I’m interested to hear how you’ve handled scaling up Prefect and dealing with a large code-base.
We have around ~40 data pipelines to manage, around ~15 using Prefect. We’re building new pipelines all the time and old pipelines are being migrated too.
Currently these pipelines run the ELT process end to end and we have helper libraries that are reused across pipelines.
We’re considering how best to architect these pipelines to encourage code-reuse and effectively maintain them. We’ll have 3 teams maintaining them so code ownership is a consideration too.
One idea is to split up the pipelines so they don’t run the full process end to end. We could use an event driven architecture, so smaller flows are triggered to run based on an external event handler. It gives us more choices for team ownership and could make it a little easier to replace or add steps in the ELT process.
The alternative is to keep doing what we’re doing and make the most of shared libraries to encourage code reuse.
In either case, we’ll do more to use configuration so similar datasets are processed using the same data pipeline.
I’d be keen to hear your approach to handling large code-bases.
05/13/2022, 10:50 AM
About scale: if you leverage Prefect Cloud, you don't need to worry about scaling up the entire orchestration API - you only need to ensure your execution layer scales, and this is relatively straightforward if you leverage e.g. horizontally scaled Kubernetes cluster or even serverless/autopilot Kubernetes cluster. For Prefect Server check this topic and related topic linked there.
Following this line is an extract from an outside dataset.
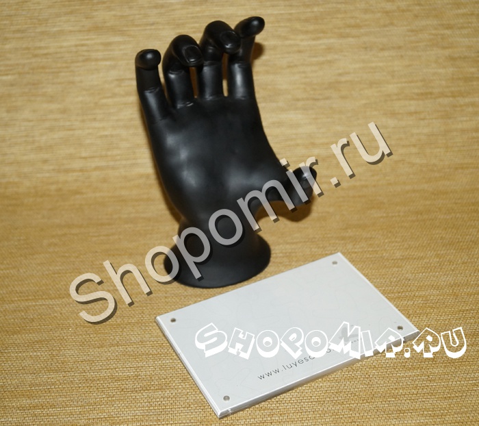 Рука, крепко удерживающая фоторамку, выполнена из черного прорезиненного пластика. Сама рамка для фотографии - из акрила.

For repository structure, I understand that it's an important and not easy decision but you need to consider (based on your use case/team needs):
• whether monorepo or one repo per project makes more sense
• what are code dependencies of specific flows/projects - those might be easier to manage in a single repo e.g. to reuse some shared utility modules and shared Docker images
For some repository examples and packaging dependencies, check this one
Also, this discussion may help
and re event-driven workflows, that's totally supported, this page dives deeper into it
05/13/2022, 12:53 PM
Thanks very much @Anna Geller. Will check out those links.